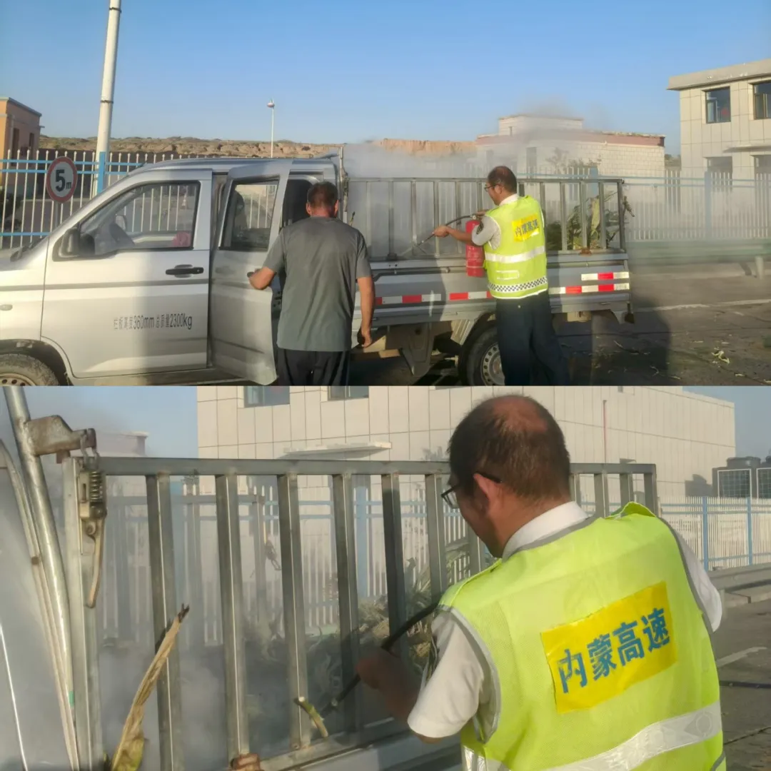 险情发生时,当班班长王飞第一时间发现火情,凭借丰富的应急处置经验,立即启动收费所消防应急预案。他一边快速疏散车道内其他等候车辆,防止次生事故发生;一边迅速召集当班人员携带灭火器、消防沙袋等器材冲向起火车辆,精准对准火源根部展开灭火作业。
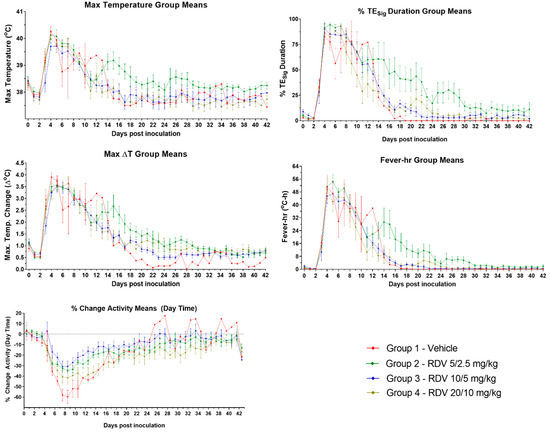 Animals in Group 4 (20/10 mg/kg RDV) showed a pattern of significant temperature elevations and fever events similar to that of the 10/5 mg/kg RDV group, with the exception of the two nonsurviving animals. The onset of significant temperature elevation was between 2.75 and 5.10 days after challenge for all Group 4 animals. Periods of hyperpyrexia were observed in four animals.
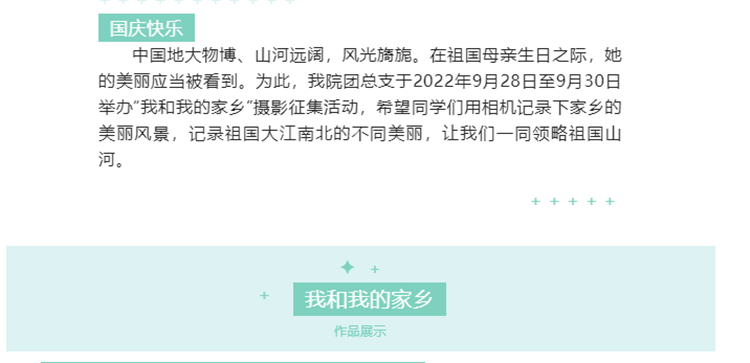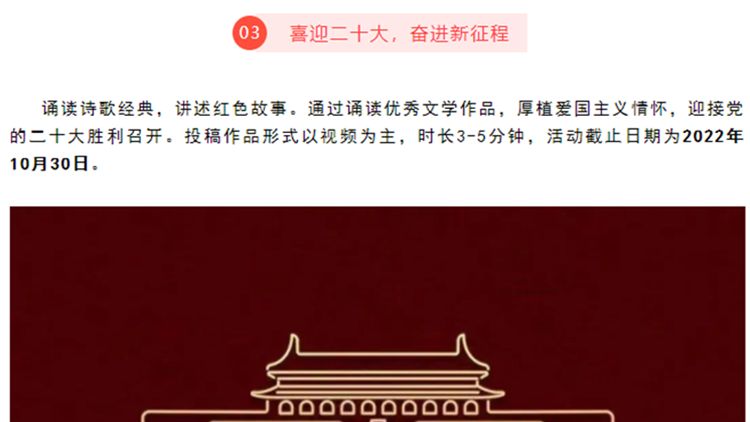 為深入開展“青春獻禮黨的二十大,強國有我新征程”主題宣傳教育活動,熱烈慶祝中華人民共和國成立73周年,引導和激勵廣大師生厚植愛國主義情懷,營造網絡文明新風,國慶節期間,我校組織開展了豐富多彩的“喜迎黨的二十大 歡度國慶節”系列主題活動。廣大師生通過各級各類網絡平臺和線上活動,用自己的方式為祖國送上美好祝福,禮贊新時代奮進征程,以良好的精神面貌和昂揚姿態喜迎黨的二十大勝利召開。
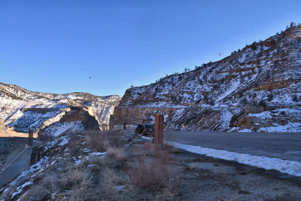 As I left the high ridges and appealing snowy slopes of the canyon pictured above, I began looking for my camp spot for the night. I chose it to be out here away from civilization, so I would not be tempted to explore, but to get back to driving early in the morning. But when I arrived at the entrance road, it was gated and closed due to snow!! I hadn’t even considered that would be the case. But luckily, I had a Plan B, and confidently zoomed on down the road. I would be spending the night outside of Moab.
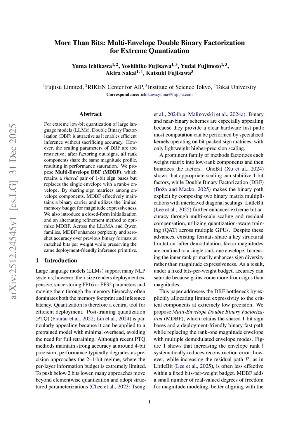 For extreme low-bit quantization of large language models (LLMs), Double Binary Factorization (DBF) is attractive as it enables efficient inference without sacrificing accuracy. However, the scaling parameters of DBF are too restrictive; after factoring out signs, all rank components share the same magnitude profile, resulting in performance saturation. We propose Multi-envelope DBF (MDBF), which retains a shared pair of 1-bit sign bases but replaces the single envelope with a rank- envelope. By sharing sign matrices among envelope components, MDBF effectively maintains a binary carrier and utilizes the limited memory budget for magnitude expressiveness. We also introduce a closed-form initialization and an alternating refinement method to optimize MDBF. Across the LLaMA and Qwen families, MDBF enhances perplexity and zero-shot accuracy over previous binary formats at matched bits per weight while preserving the same deployment-friendly inference primitive.

# TASK:
Your output must match the records word for word, apart from the images, which are left out.

# RESULT OF THE TASK:
 险情发生时,当班班长王飞第一时间发现火情,凭借丰富的应急处置经验,立即启动收费所消防应急预案。他一边快速疏散车道内其他等候车辆,防止次生事故发生;一边迅速召集当班人员携带灭火器、消防沙袋等器材冲向起火车辆,精准对准火源根部展开灭火作业。
 Animals in Group 4 (20/10 mg/kg RDV) showed a pattern of significant temperature elevations and fever events similar to that of the 10/5 mg/kg RDV group, with the exception of the two nonsurviving animals. The onset of significant temperature elevation was between 2.75 and 5.10 days after challenge for all Group 4 animals. Periods of hyperpyrexia were observed in four animals.
 為深入開展“青春獻禮黨的二十大,強國有我新征程”主題宣傳教育活動,熱烈慶祝中華人民共和國成立73周年,引導和激勵廣大師生厚植愛國主義情懷,營造網絡文明新風,國慶節期間,我校組織開展了豐富多彩的“喜迎黨的二十大 歡度國慶節”系列主題活動。廣大師生通過各級各類網絡平臺和線上活動,用自己的方式為祖國送上美好祝福,禮贊新時代奮進征程,以良好的精神面貌和昂揚姿態喜迎黨的二十大勝利召開。
 As I left the high ridges and appealing snowy slopes of the canyon pictured above, I began looking for my camp spot for the night. I chose it to be out here away from civilization, so I would not be tempted to explore, but to get back to driving early in the morning. But when I arrived at the entrance road, it was gated and closed due to snow!! I hadn’t even considered that would be the case. But luckily, I had a Plan B, and confidently zoomed on down the road. I would be spending the night outside of Moab.
 For extreme low-bit quantization of large language models (LLMs), Double Binary Factorization (DBF) is attractive as it enables efficient inference without sacrificing accuracy. However, the scaling parameters of DBF are too restrictive; after factoring out signs, all rank components share the same magnitude profile, resulting in performance saturation. We propose Multi-envelope DBF (MDBF), which retains a shared pair of 1-bit sign bases but replaces the single envelope with a rank- envelope. By sharing sign matrices among envelope components, MDBF effectively maintains a binary carrier and utilizes the limited memory budget for magnitude expressiveness. We also introduce a closed-form initialization and an alternating refinement method to optimize MDBF. Across the LLaMA and Qwen families, MDBF enhances perplexity and zero-shot accuracy over previous binary formats at matched bits per weight while preserving the same deployment-friendly inference primitive.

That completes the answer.